Histoire de la folie à l'âge classique

Partant de l’image du fou à la Renaissance, qui inquiète et fascine à la fois, Michel Foucault montre que notre conception de la folie comme « maladie mentale » est le produit de notre culture et de notre histoire.

Histoire de la folie à l’âge classique constitue dès sa parution en 1961 un événement. L’auteur n’est encore qu’un inconnu qui publie sa thèse principale de doctorat de philosophie. Et c’est l’historien Philippe Ariès, ébloui par le manuscrit, qui le défend et le fait paraître chez Plon. Ce texte, étrange à de nombreux égards, va devenir le point de départ de bien des lectures et de bien des débats… Contesté par les uns, encensé par les autres – notamment par les tenants de l’antipsychiatrie qui en feront un de leurs livres de chevet –, Histoire de la folie est un ouvrage atypique et polémique profondément lié aux débats qui agiteront le monde psychiatrique dans les années 1960-1970.

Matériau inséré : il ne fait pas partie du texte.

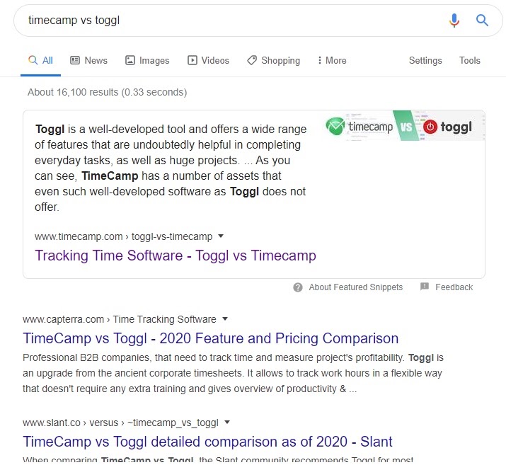 In this case, Google promotes this comparison site in search results by placing it on the so-called position 0 (Featured Snippet).
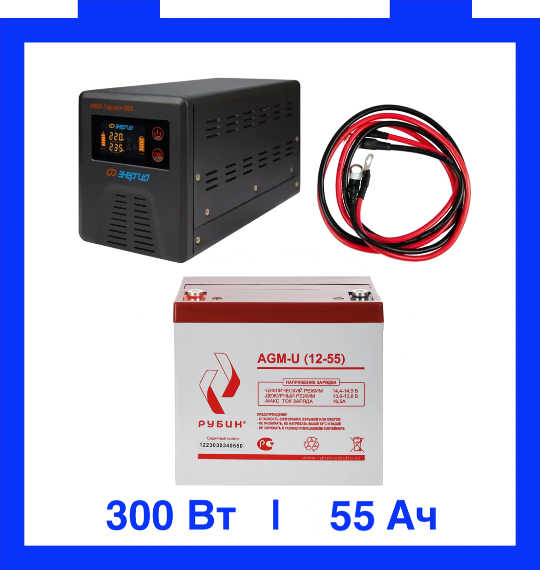 ИБП Гарант 500 [300Вт] с аккумулятором 12В 55Ач Комплект для котла NRG4YOU
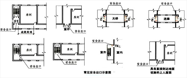 在GB50016-2014《建筑设计防火规范》中2.1.14条 将供人员安全疏散用的楼梯间和室外楼梯的出入口或直通室内外安全区域的出口定义为“安全出口”。其中“室内安全区域”包含符合GB50016-2014相关要求的避难层、避难走道等,“室外安全区域”包括室外地面、符合疏散要求并具有直接到达地面设施的上人屋面、平台及满足GB50016-2014《建筑设计防火规范》相关要求的天桥、连廊等。
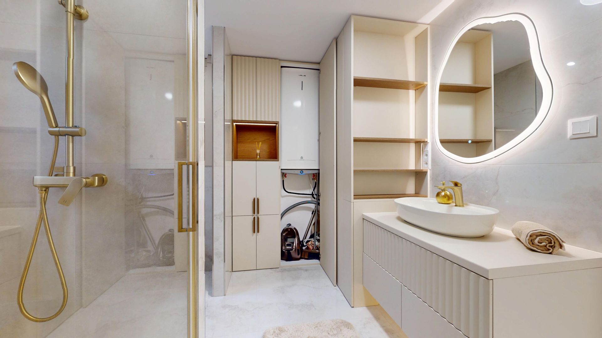 - podlahové kúrenie (kuchyňa, obývačka, kúpeľňa, chodba).
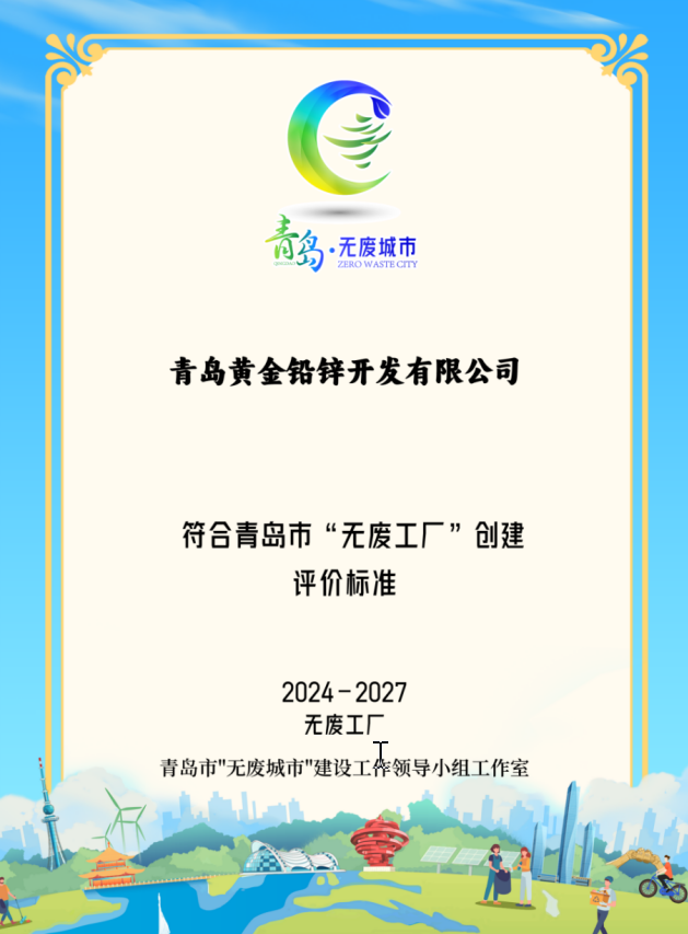 經過努力,青島鉛鋅公司相繼榮獲“國家級綠色工廠”、“青島市生態環境教育基地”、“山東省十大創新力企業”等榮譽稱號,成功打造了山東省“無廢工廠”樣板。
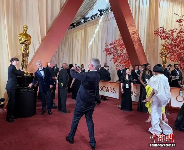 当地本领3月15日,第98届奥斯卡奖受奖仪式在好意思国好莱坞杜比剧院举行。图为嘉宾走红毯并与奥斯卡金像合影。中新社记者张朔摄
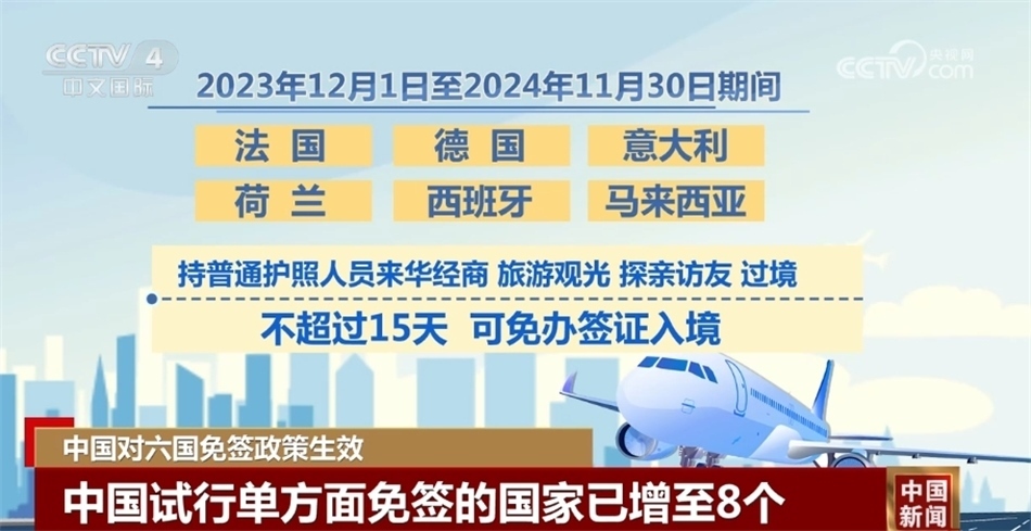 2023年12月1日至2024年11月30日期間,法國(guó)、德國(guó)、意大利、荷蘭、西班牙、馬來(lái)西亞6個(gè)國(guó)家持普通護(hù)照人員來(lái)華經(jīng)商、旅游觀光、探親訪友和過(guò)境不超過(guò)15天,可免辦簽證入境。至此,我國(guó)試行單方面免簽的國(guó)家從原先2個(gè)(文萊、新加坡)增加至8個(gè),覆蓋國(guó)家也從亞洲擴(kuò)大至歐洲。
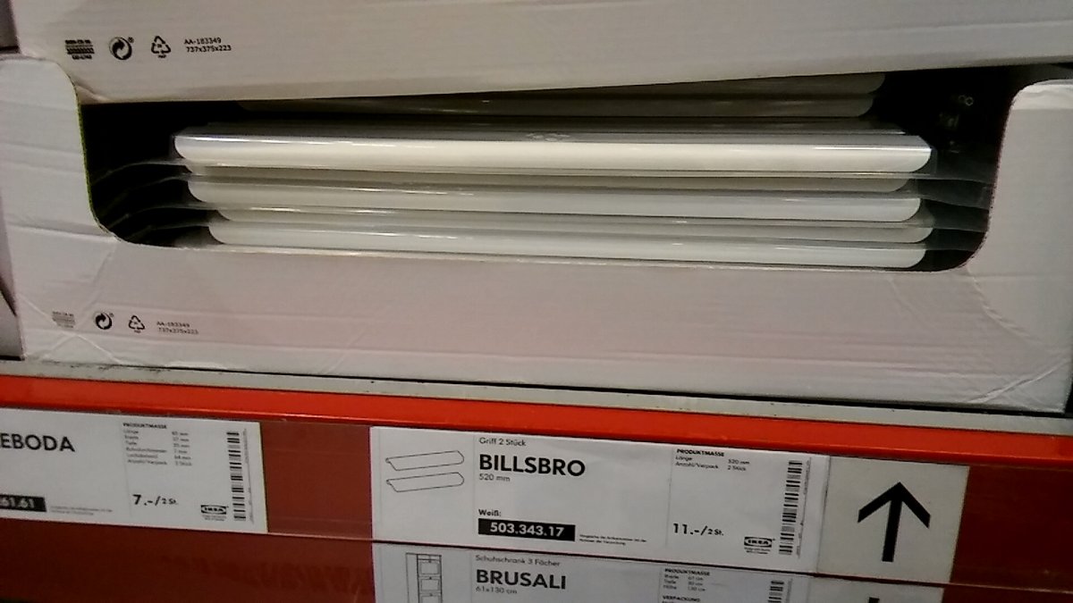 Ich habe jetzt bei so-tech weiß eloxierte Aufsatzgriffe in 150mm Länge für alle Schränke gekauft. Kosten 1.90 pro Stück. Sollten die nicht gefallen,kann man später Billsbro nachrüsten in passenden Längen.
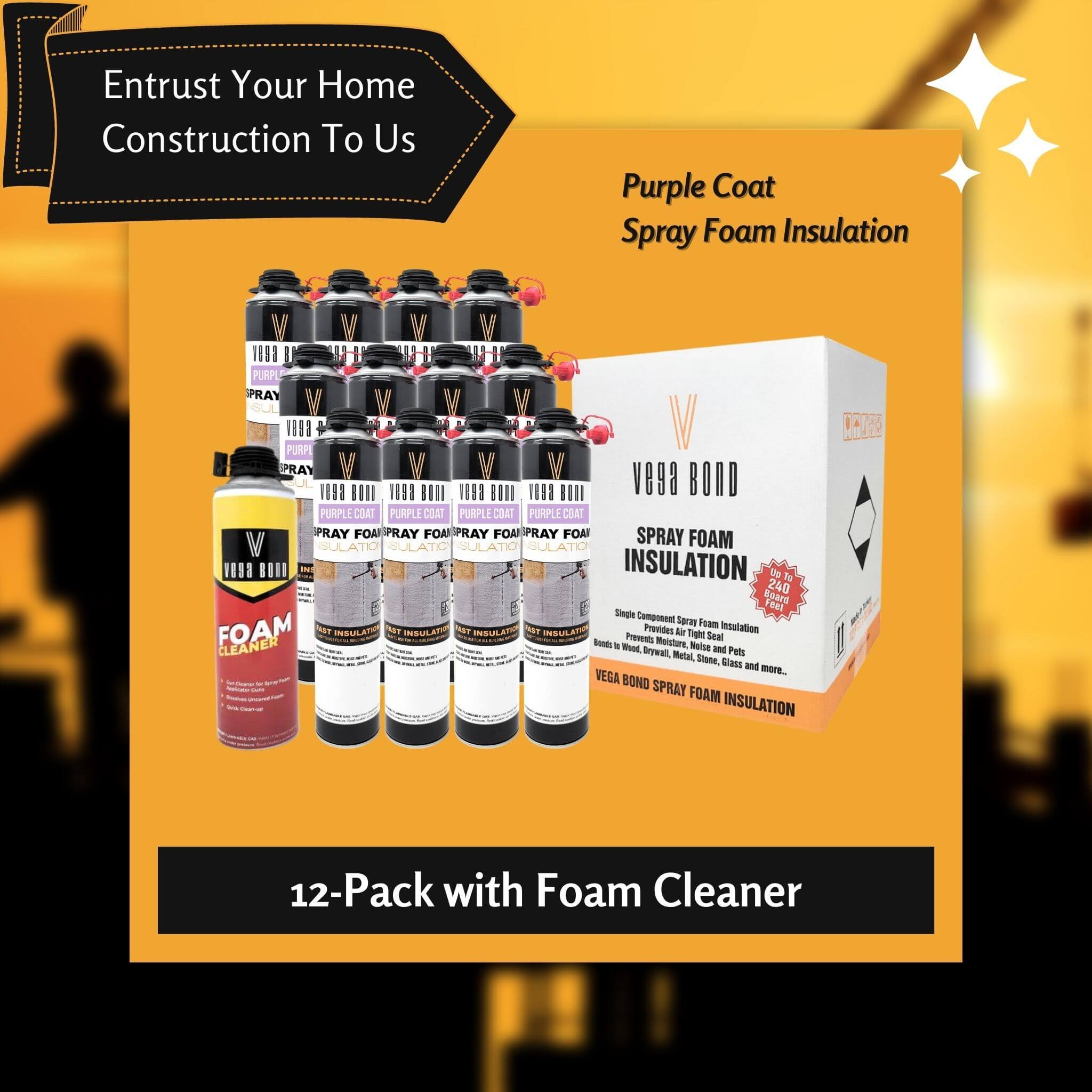 Vega Bond Purplecoat 12 Pack Insulation Spray Foam 29 oz (240 Board Feet) with App Gun and Cleaner 12 Pack, Purple
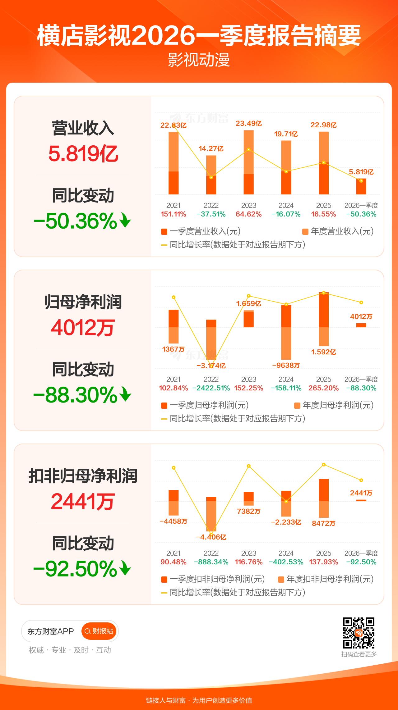 横店影视4月28日发布2026年一季报显示,公司一季度实现营业收入5.82亿元,同比下滑50.36%;归母净利润4012.24万元,同比下滑88.30%;扣非归母净利润2441.08万元,同比下滑92.50%。
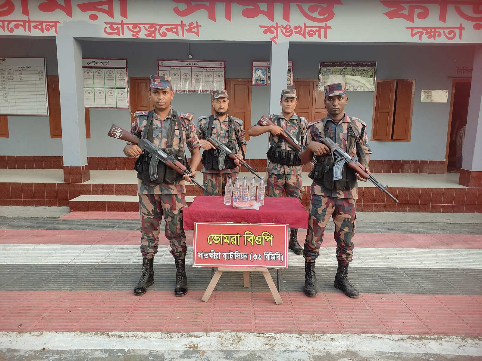 গোয়েন্দা তথ্যের ভিত্তিতে ভোমরা বিওপির পৃথক তিনটি এর আভিযানিক দল মেইন পিলার-২/৩ ও ৫ এস এবং মেইন পিলার-৩ এর ৬ এস হতে ২০০-৩০০ গজ বাংলাদেশের অভ্যন্তরে সাতক্ষীরা সদর থানাধীন ঘোষপাড়া ও লক্ষিদাড়ি নামক স্থান হতে ০৭ বোতল ভারতীয় মদসহ প্রায় ১,১৫,৫০০/- ভারতীয় ঔষধ আটক করে। পদ্মশাখরা বিওপির বিশেষ আভিযানিক দল মেইন পিলার-১ হতে আনুমানিক ১০০০ গজ বাংলাদেশের অভ্যন্তরে সাতক্ষীরা থানাধীন হাড়দ্দা ইছামতি নদির পাড় নামক স্থান হতে ১৩,০০,০০০/- টাকা মূল্যের ভারতীয় ঔষধ আটক করে। তলুইগাছা বিওপির বিশেষ আভিযানিক দল সীমান্ত পিলার-১৩/৩ এস হতে আনুমানিক ২০০ গজ বাংলাদেশের অভ্যন্তরে সাতক্ষীরা সদর থানাধীন চারাবাড়ি নামক স্থান হতে ৭০,০০০/- টাকা মূল্যের ভারতীয় ঔষধ আটক করে। কাকডাঙ্গা বিওপির পৃথক দুইটি বিশেষ আভিযানিক দল সীমান্ত পিলার-১৩/৩ এস এর ৩ ও ৬ আরবি হতে আনুমানিক ৩০০-৪০০ গজ বাংলাদেশের অভ্যন্তরে কলারোয়া থানাধীন গেরাখালি ও কাকডাঙ্গা বলফিল্ড মোড় নামক স্থান হতে ২,৮০,০০০/- টাকা মূল্যের ভারতীয় ঔষধ আটক করে। এছাড়াও, হিজলদী বিওপির পৃথক দুইটি বিশেষ আভিযানিক দল সীমান্ত পিলার-১৩/৩ এস এর ১৪ আরবি ও ১৪/৩ এস হতে আনুমানিক ১০০-২০০ গজ বাংলাদেশের অভ্যন্তরে কলারোয়া থানাধীন বিএসপি পোস্ট ও বড়লী আমতলা নামক স্থান হতে ১,৪০,০০০/- টাকা মূল্যের ভারতীয় ঔষধ আটক করে।সর্বমোট ১৯,০৫,৫০০/- (ঊনিশ লক্ষ পাঁচ হাজার পাঁচশত) টাকা মূল্যের বিভিন্ন চোরাচালানী ও মাদক মালামাল আটক করে।
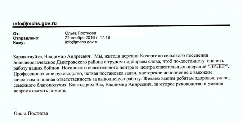 Мы, жители деревни Кочергино сельского поселения Большерогаческое Дмитровского района с трудом подбираем слова, чтоб по-достоинству оценить работу ваших бойцов Ногинского спасательного центра и центра спасательных операций «ЛИДЕР». Профессиональное руководство, четкая постановка задач, мастерское исполнение с высоким качеством и полная ответственность за выполненную работу. Желаем вашим ребятам здоровья, удачи, семейного благополучия. Благодарим Вас, Владимир Андреевич, за мудрое руководство и умение вовремя оказать помощь.
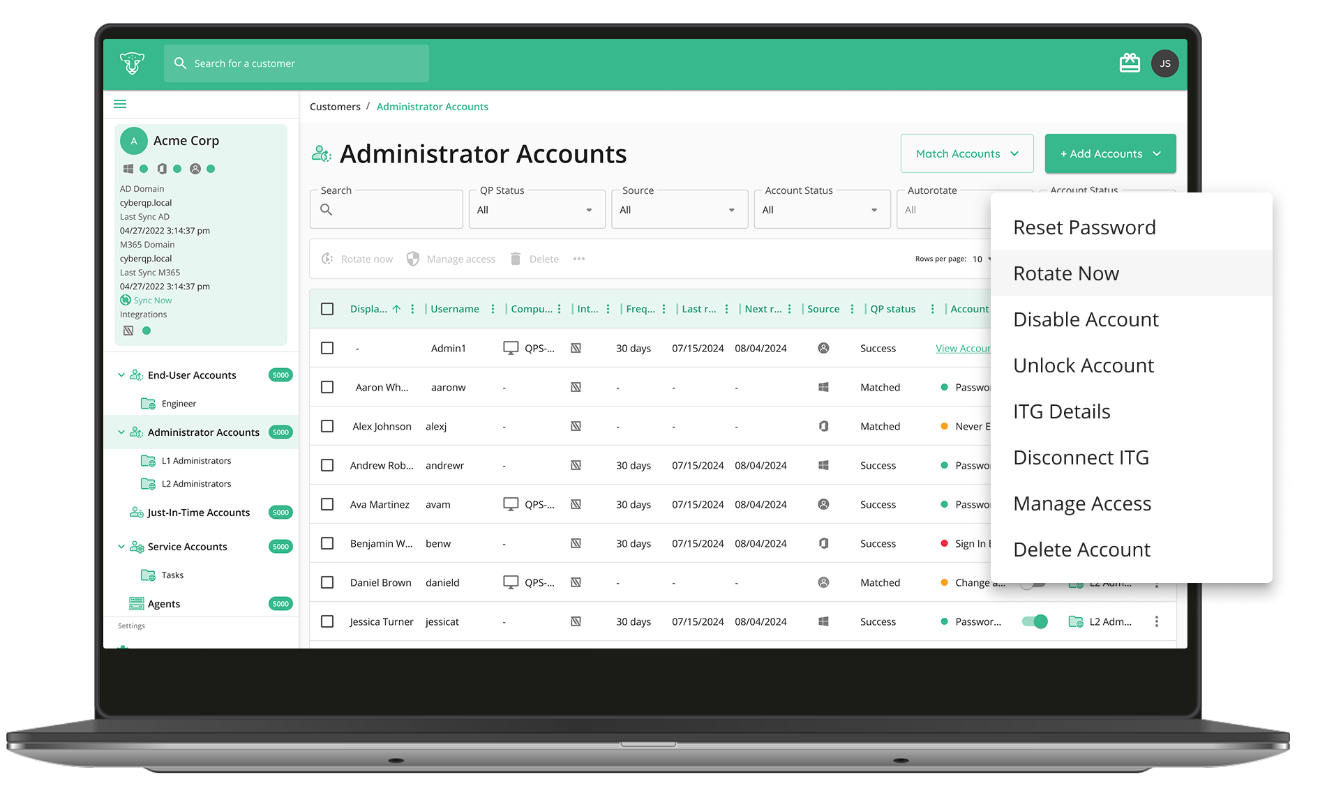CyberQP rotates every shared and break glass admin password daily and syncs automatically to IT Glue or Hudu. Each tech gets a named JIT account that self-destructs after use — no shared credentials involved.
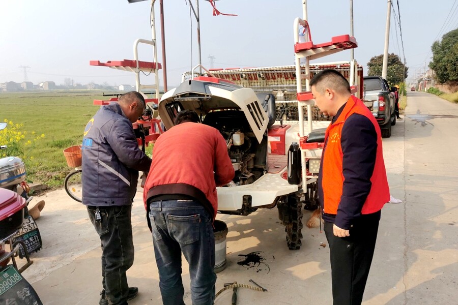 在检修现场,一台台插(抛)秧机、拖拉机、旋耕机整齐排列,等待着技术人员的“体检”。技术人员为农机设备更换机油、紧固零件、调试性能,逐一排查故障隐患,确保农机具“健康”上岗、安全作业。同时,随行的农机监理人员还向机手宣讲机具安全操作规范、日常保养等知识,从源头防范农机作业安全风险。
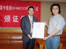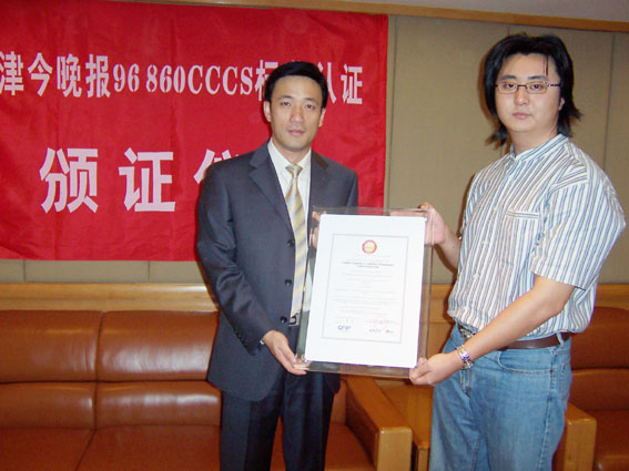 2004年9月9日,天津今晚報公眾服務(wù)中心通過了《全國呼叫中心運營績效標(biāo)準(zhǔn)》(CCCS-OP-2003)認(rèn)證,并獲得由中國信息化推進(jìn)聯(lián)盟客戶關(guān)系管理專業(yè)委員會頒發(fā)的認(rèn)證證書(四星級客戶服務(wù)中心),成為國內(nèi)傳媒業(yè)首家通過此認(rèn)證的呼叫中心。

Michel Foucault veut, comme l’indique le titre, faire l’histoire de la folie et non de la psychiatrie, laquelle n’est selon lui qu’un « monologue de la raison sur la folie » qu’elle a réduite au silence : « Il ne s’agit point d’une histoire de la connaissance, mais des mouvements rudimentaires d’une expérience. (…) Faire l’histoire de la folie voudra donc dire : faire une étude structurale de l’ensemble historique – notions, institutions, mesures juridiques et policières, concepts scientifiques – qui tient captive une folie dont l’état sauvage ne peut jamais être restitué en lui-même. » De quoi part-il alors pour faire « l’archéologie de ce silence 1 » qu’est l’histoire de la folie ? D’abord et surtout des archives brutes, pour les lire sans « préjugé psychiatrique ». Tandis qu’il est lecteur français à l’université d’Uppsala en Suède de 1953 à 1955, Foucault a accès à un fonds exceptionnel : la grande bibliothèque de l’université, la Carolina Rediviva, qui reçoit en effet, en 1950, 21 000 livres et documents sur l’histoire de la médecine, du 16e siècle jusqu’au début du 20e, légués par le docteur Erik Waller. C’est sans doute grâce à ce fonds que naît Histoire de la folie. Mais outre ces archives, et c’est encore plus étonnant, Foucault s’appuie sur des sources picturales et littéraires : Jérôme Bosch ou Pieter Bruegel à la Renaissance, Racine à l’époque classique, le marquis de Sade, Goya, Gérard de Nerval, Friedrich Nietzsche ou Antonin Artaud pour l’époque moderne. Dans le silence de la folie, ces œuvres constituent pour lui un témoignage unique et une voie d’accès privilégiée à l’expérience de la déraison.

Entre conscience tragique et conscience critique

Ce que cherche à montrer Foucault, c’est que le regard que l’on porte sur la folie dépend de la culture dans laquelle elle s’inscrit. Le fou n’a pas toujours été considéré comme un « malade mental ». Foucault esquisse donc les grandes étapes du rapport de la raison à la folie à partir de la fin du Moyen Âge jusqu’à la naissance de l’asile au 19e siècle. Il s’attache tout particulièrement à l’âge classique, les 17e et 18e siècles, car cette période constitue pour lui le véritable tournant de cette histoire de la folie en Occident en instituant le partage raison/déraison. Pris entre deux événements, la création de l’Hôpital général à Paris en 1656 et la libération des enchaînés par Philippe Pinel à l’hôpital Bicêtre en 1793, c’est l’âge classique qui permet de comprendre comment la folie a pu être réduite aujourd’hui à la maladie mentale et comment s’est structuré l’asile à l’époque moderne.